I bought a Rosewill card based on the Silicon Images 3132 based on Jeff Garzik's assertion that it was "a nice open spec". I have yet to see a document on how to program it, but I'm hoping that I'll get one soon. It looks like I probably won't get one, so I also ordered a JMicron 360 - based board that implements AHCI (a standard interface from Intel). I already have the spec in hand, so now I'm just waiting for the adapter cable (eSATA to SATA) eSATA is external SATA and supports hot-plug, hence the need for the different cable.
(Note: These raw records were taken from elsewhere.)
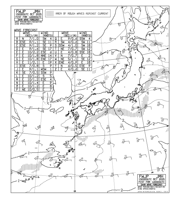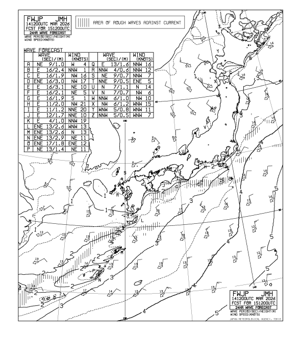 HOME > 海洋の気象情報 FWJP > FWJP 沿岸波浪24時間予想図
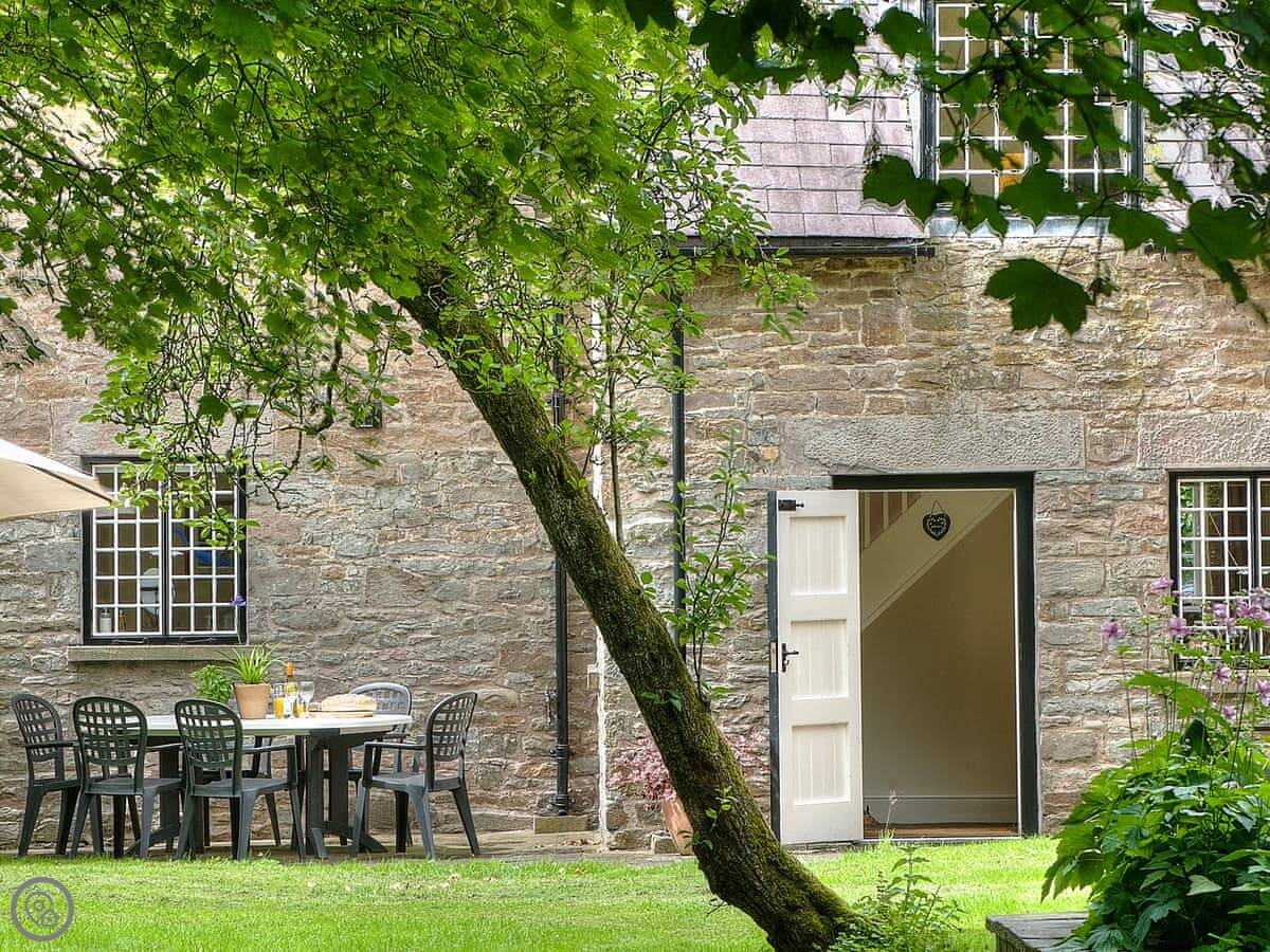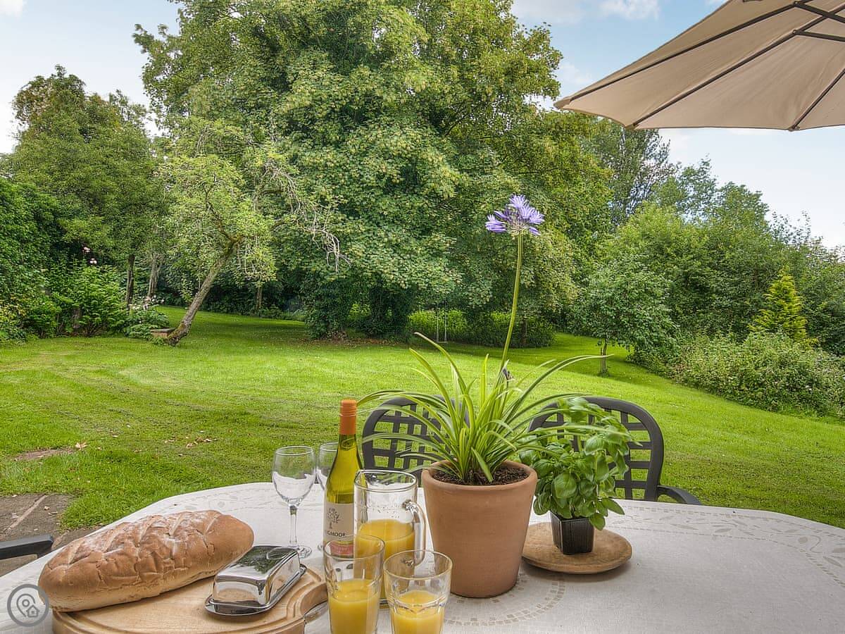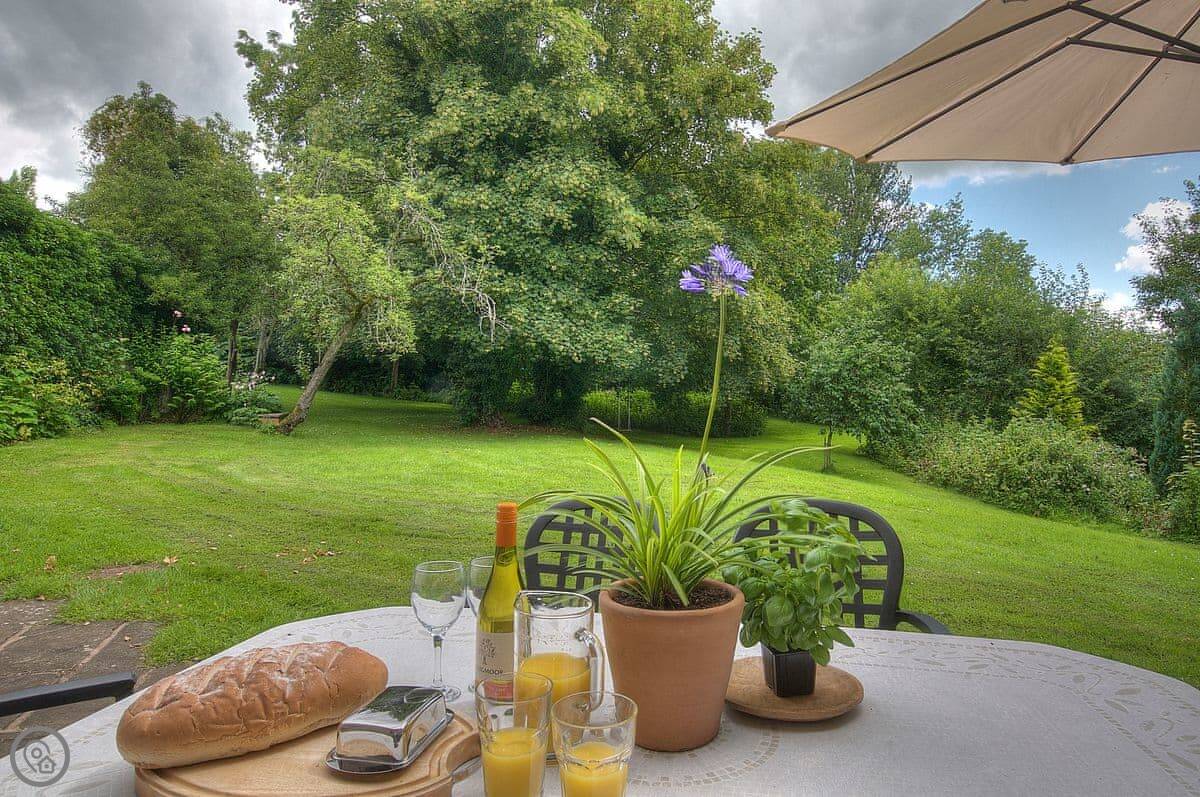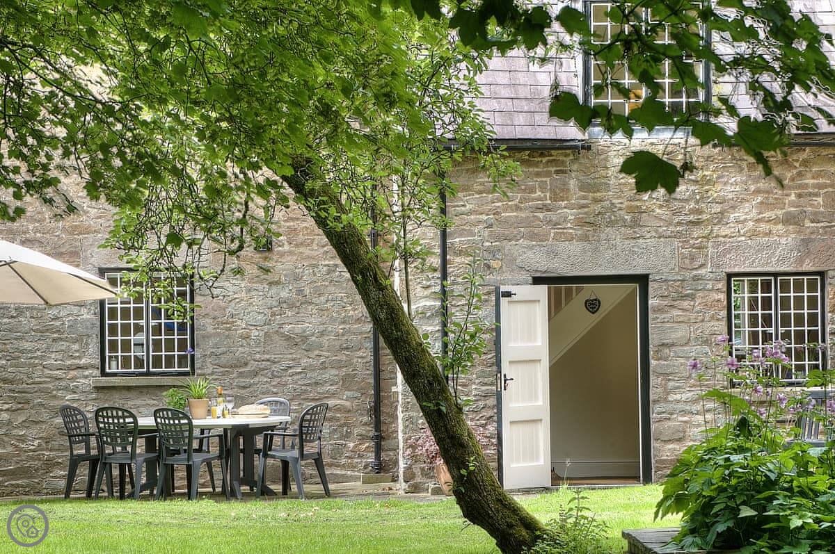 Outside is your own bit of garden with a table and chairs. There's a barbecue. You can see the castle gardens from there. There's also a covered area with a table tennis table. There's a tap for cleaning off muddy boots or dogs, and somewhere to lock up bikes.
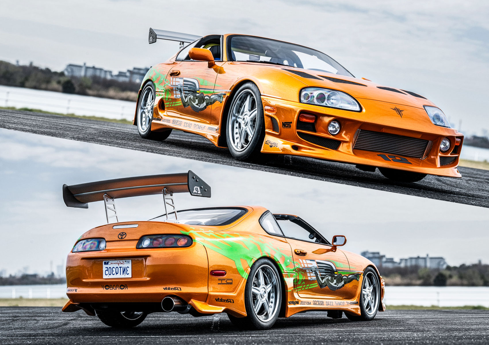 映画『ワイルド・スピード』のブライアン・オコナーの愛車、「トヨタ スープラ」を1/12スケールでレジンモデル化。特徴的なボディカラーのキャンディオレンジパールペイントと側面のモチーフも再現。リアウイングやフロントスポイラー、サイドスカート、ホイールなども忠実に再現されている。
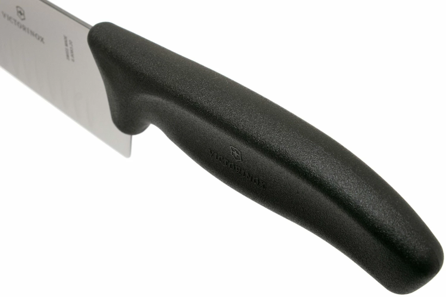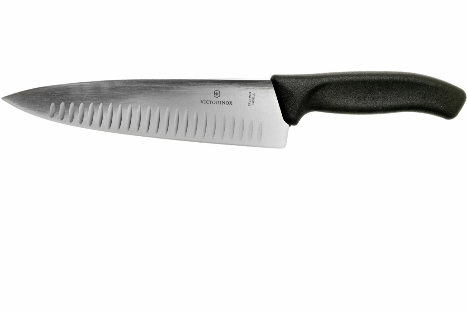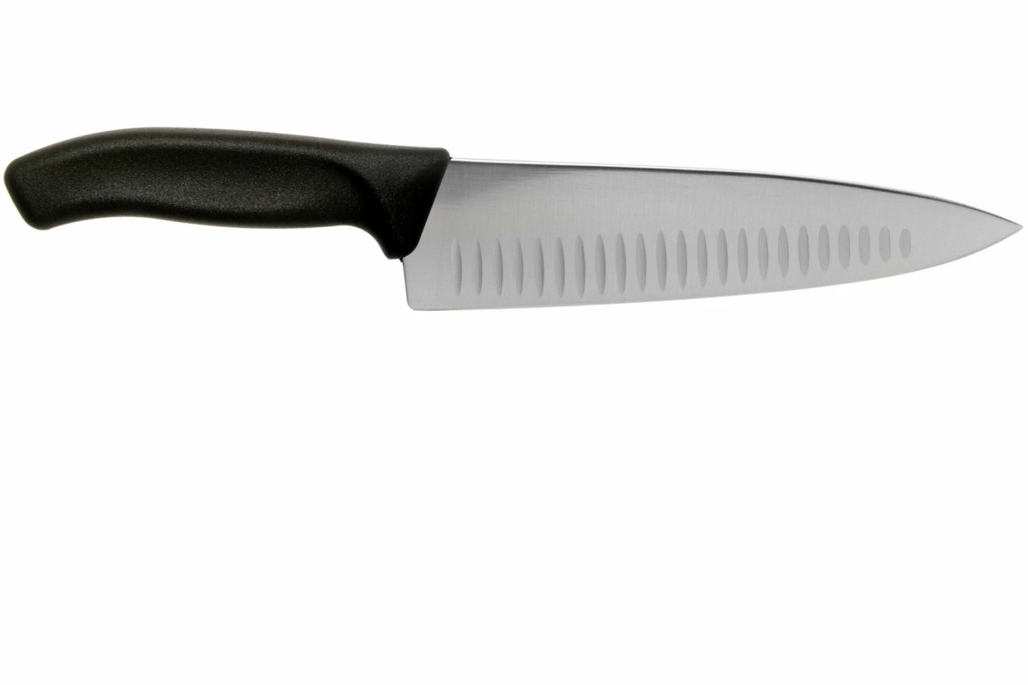 El cuchillo de chef Victorinox SwissClassic 20 cm con hoyuelos, negroes un práctico utensilio polivalente. Con su hoja de 20 cm es un buen cuchillo de tamaño medio. Lo suficientemente grande como para cortar un pollo grande, pero también lo suficientemente práctico como para picar finamente el ajo. La hoja baja está mejorada con hoyuelos para asegurar que la comida no se pegue a la hoja.
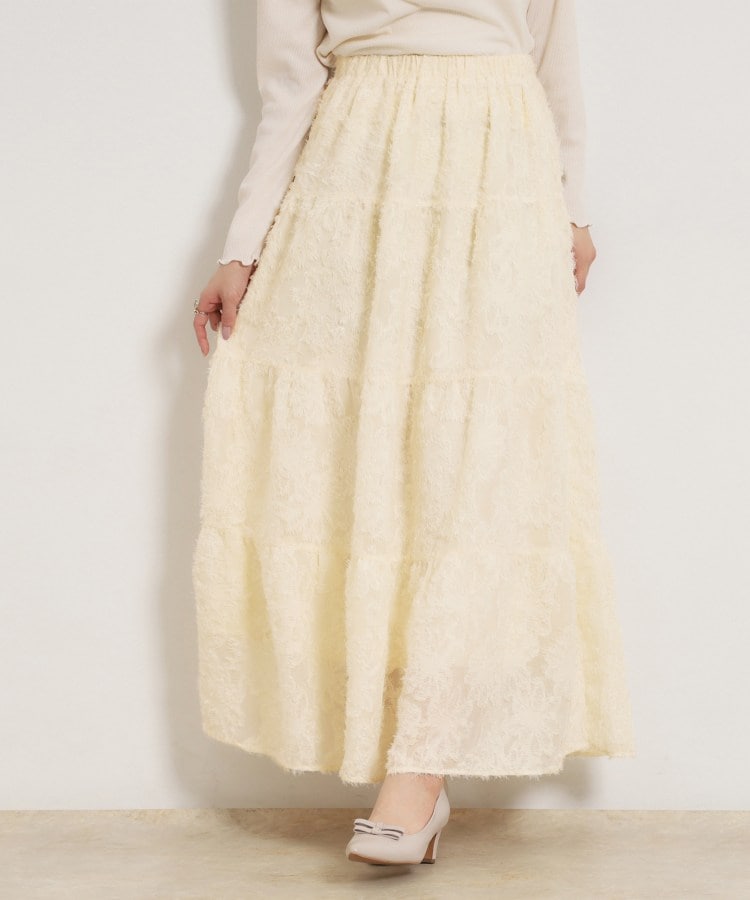 【デザイン】フラワーモチーフのレースがフェミニンさをプラスするティアードスカート。歩くたびに上品に揺れるシルエットも魅力的。同素材の85047とsetupも可能。■サイズ表示について※バイイング商品のため下げ札サイズ表記とワールドサイズ表記が異なります。製品寸法をご確認くださいませ。ワールドサイズコード38=製品サイズ表記M【仕様】・ポケットなし・ウエスト総ゴム・裏地あり※アイボリー(004)はやや透け感があります。※照明の関係により、実際よりも色味が違って見える場合があります。また、パソコン・スマートフォンなどの環境により、若干製品と画像のカラーが異なる場合もございます。
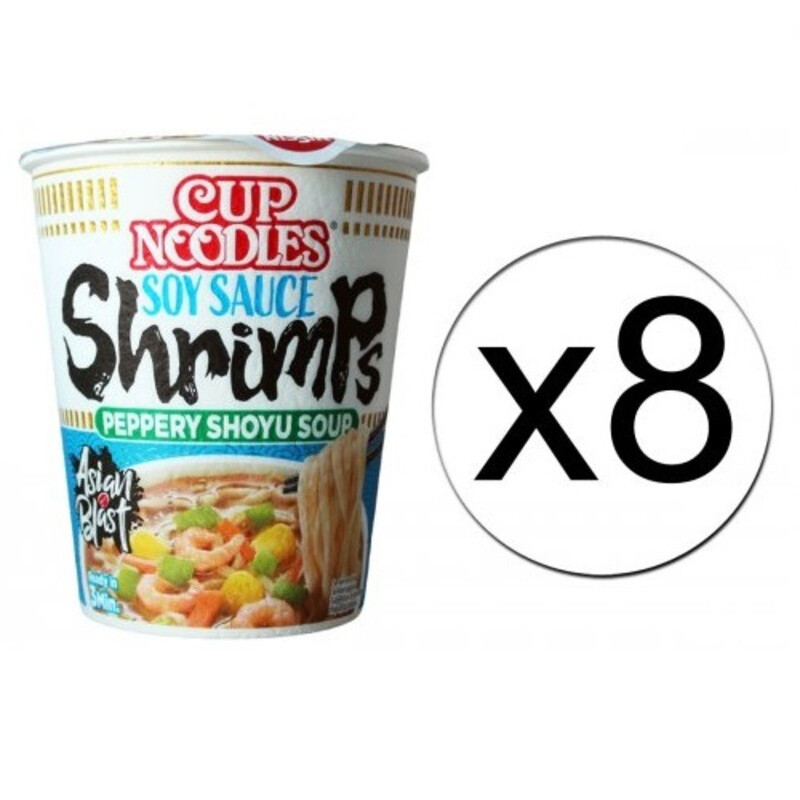 NISSIN Nouilles instantanées - Sauce soja et crevettes - 8 Bols x 63 g - 1 Carton
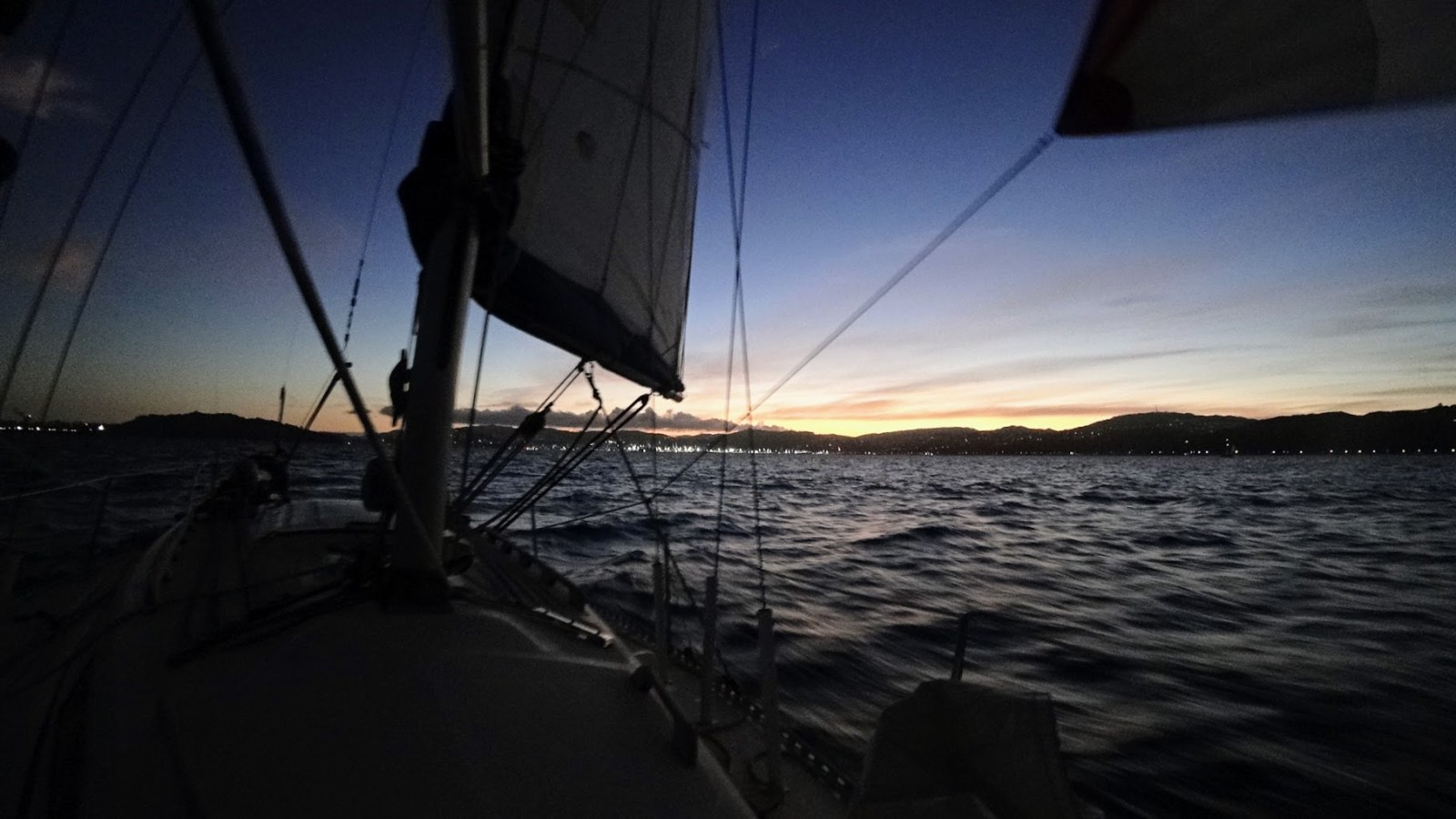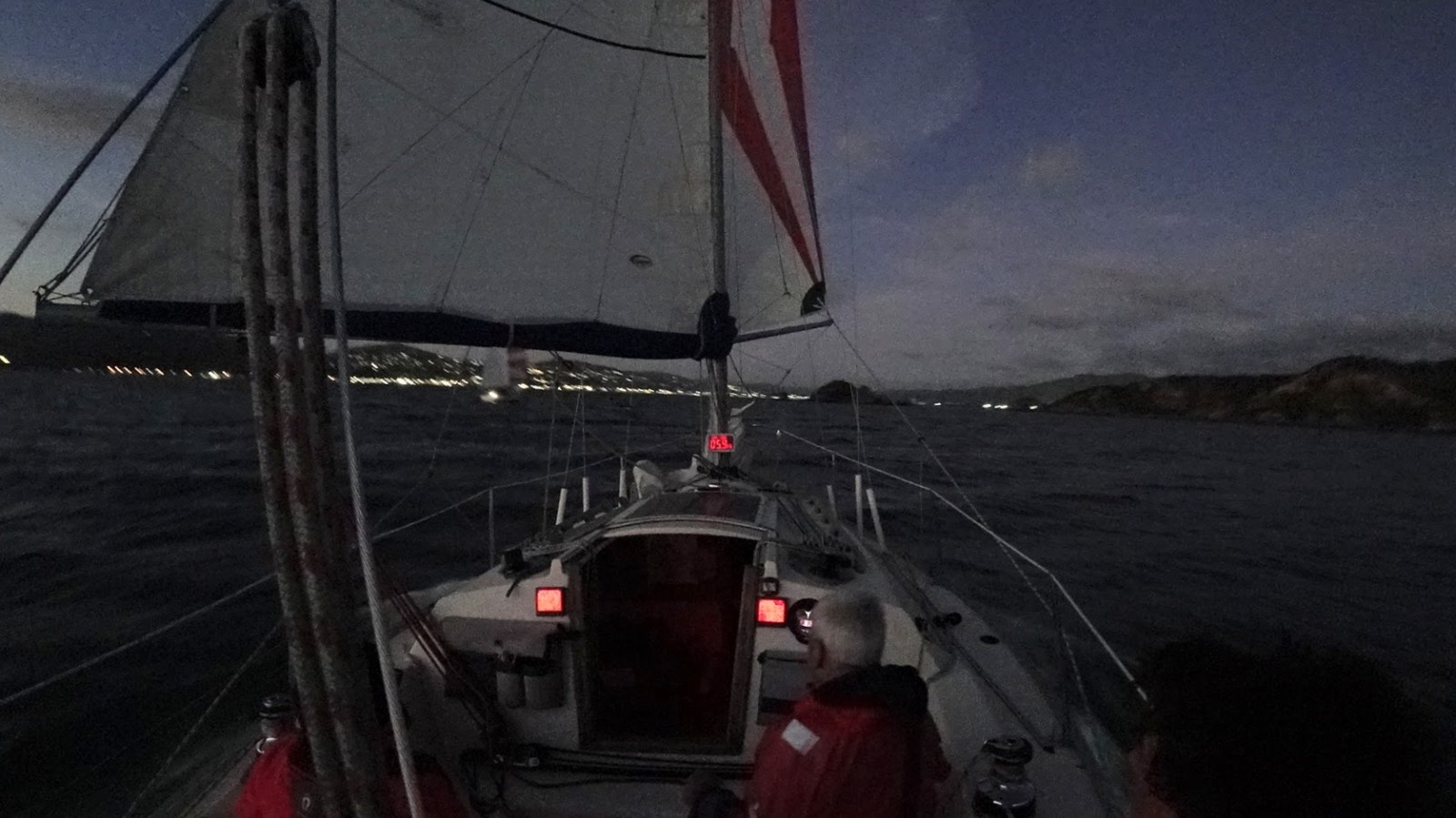 The sun was disappearing behind us over Wellington as we approached the top end of Somes. Tamerlane was close behind us. We hoisted our no. 1 genoa and dropped the spinnaker before rounding Mokopuna rocks at 1947 hrs.
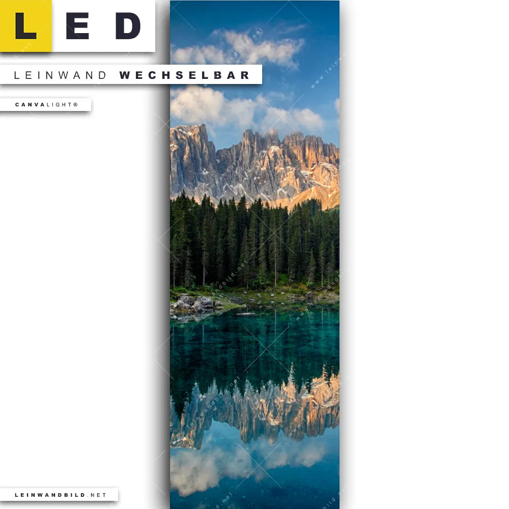 LED Leinwandbild Canvalight® TEX | Bergsee im Wald | Schmal

The JMicron board only has one port, but one should be enough.
It turns out that I can't get either JMicron 360 board to work (I bought two to see if just the first one was faulty) I guess it must be the card, because the cables work with other cards.
I bought a 363 board, which is two internal SATA ports and a PATA port. Unfortunately the Linux IDE and SATA drivers both claim the card, so I spent a day migrating everything to SATA so that I can disable IDE completely (there are lots of errors from the card on the IDE side, and I don't want to be competing with another driver when I'm controlling the card)
Now that I'm booting from SATA, I added SATA support to the kernel (but left AHCI support as a module) This will prevent me from debugging the drivers I'm using to access my working drives. (Debugging messages added lots of time and mess to booting.)
Driver Status
I was trying to take a driver and make my own which took out the levels of indirection. I've decided that I'll simplify the existing driver instead. I figure that if I take the existing driver and strip it to the bare bones, but functional, it should reduce the needed effort.
At least temporarily I'm switching back. There is just too much indirection for me to sort through. Now that I have the AHCI spec and an ACHI compliant board, I'm going to try again.
I've converted the bare bones of the AHCI driver and found a way to allocate contiguous memory from user space. I allocate it, pin it, and check if it is contiguous. If not, I try again until I succeed, freeing memory only when I'm successful. It's a hack, but not too bad. I won't have to worry about it when I control the board from my FPGA.
The driver works for reading and writing! I only use it in DMA mode, to read and write pages at a time. I haven't bothered with interrupts, because they will not be used (they would interrupt the processor, which is not what I want.) My FPGA will see the transfers from the disk directly, which means that it doesn't need an external interrupt.
I implemented it in a driver and a user-level program. Here are their responsibilities:
- (The [AHCI spec] names things differently than the ahci driver. I've chosen the driver's names because they are a little more verbose(readable).)
- HOST_* addresses are relative to the base offset of device memory (BAR 5)
- PORT_* addresses are relative to the port address (base + 0x100 + port_num*0x80)
Driver Responsibilities minus Linux bookkeeping
- Initialize PCI space
- Write Cfg 0x41 with 0xa1 (specific to this card)
- Enable PCI device
- Set device as bus master
User-Level Code
- Allocate memory for command lists
- Reset and initialize AHCI
- Read HOST_CTL (0x4) or in HOST_RESET (bit 0) then write to HOST_CTL
- wait 1 second
- Read HOST_CTL and make sure that HOST_RESET was cleared
- Write HOST_CTL to set HOST_ACHI_EN (bit 31)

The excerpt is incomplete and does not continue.